En sus transacciones, sin importar la nacionalidad del mercante ni las
monedas involucradas, Gresham notó un estribillo. Observó que
siempre, los concurrentes al intercambio, procuraban pagar con la
moneda menos apreciada, “ocultando” la más valiosa.
Concluyó entonces, que:
“LA MONEDA MALA SACA DE CIRCULACIÓN A LA MONEDA
BUENA”.
Recordemos que para el siglo XVI, el dinero era acuñado con
aleaciones de metales preciosos (oro, plata, cobre). Estas piezas,
tenían valor por sí mismas, intrínseco, en función de la calidad y
cantidad de mineral contenido en ellas. “Moneda buena”, según
Gresham, era aquella con igual valor nominal que otra, pero con
mayor cantidad de oro o plata. Ambas, compraban igual número de
bienes, y además eran aceptadas por los vendedores, por ser de
curso legal.
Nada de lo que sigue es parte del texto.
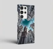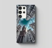Questa immagine raffigura un'impressionante disposizione architettonica circolare con alti edifici classici modernizzati che convergono verso il cielo. Una statua prominente al centro esalta la prospettiva drammatica sotto un cielo azzurro e nuvoloso.

Pero, los compradores, se reservaban la “moneda
buena”, sacándola de circulación, y usaban la “mala” para sus
transacciones cotidianas.
¿Qué hacían con la “moneda buena”?
En un primer momento, era usada como ahorro, atesorada. Pero, si
el precio en el mercado del mineral puro, sin acuñar, llegaba a ser
muy alto, entonces era fundida. Posteriormente, se vendía como
materia prima, para hacer joyas y utensilios. El metálico era sacado
no sólo del circuito económico, sino del país. Llevadas, allende las
fronteras, donde mejor pagarán por su contenido de oro o plata. Esto
obligaba a las autoridades a ser cuidadosos a la hora de emitir
monedas con aleaciones espurias o envilecidas. Una medida de este
tipo, podría provocar una salida masiva de numerario de la economía,
provocando una desmonetización.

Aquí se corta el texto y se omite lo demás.